Tasha blinked. “Oh. Brodie is the
him
you mentioned. One of the reasons why I need to know all this.”

“Yes.”

“It feels . . . He should tell me himself. Shouldn’t he?”

“He won’t. Not, at least, for a long time. And you need to know this now. But you mustn’t tell him you know, at least not yet.”

“When?”

“You’ll know when the time is right.”

Tasha was still reluctant, but nodded slowly.

Elizabeth went on with her story.

“John was . . . amazing. He was a law student. Brilliant, handsome, and stronger than any man I had ever known. He won my heart so quickly it was almost terrifying. And it was the same way with him, I knew that. We had a connection, a bond, from the very first time we touched, and it only grew stronger as the days passed.”

“A psychic bond?” For some reason, Tasha really wanted to know that.

“No.

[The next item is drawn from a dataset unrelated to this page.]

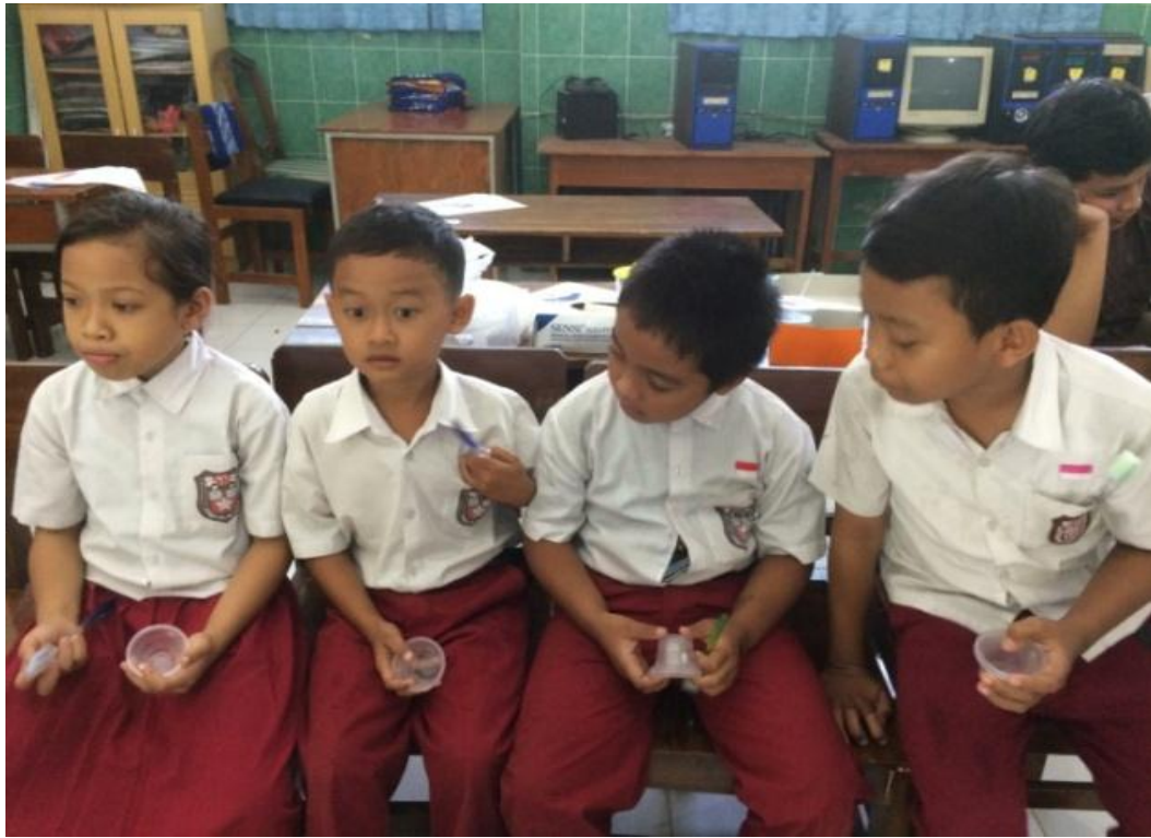
Gambar 4. Pengambilan saliva (Kontrol )

We never connected in that way. But I had to be honest with him, at least as honest as I could be given the facts, so I told him two of the secrets of my life. That I was a psychic, and that I had broken with my family and changed my name. He loved me and asked no questions beyond what I was willing to talk about. I loved him, but . . . I had lived with the secrets for so long that it was difficult to confide in, even trust, just because I loved.”

“That must have been tough,” Tasha said.

“Yes. But we both thought we had plenty of time. Plenty of time for confidences, for secrets. John wanted me to tell him only what I was ready to tell him.”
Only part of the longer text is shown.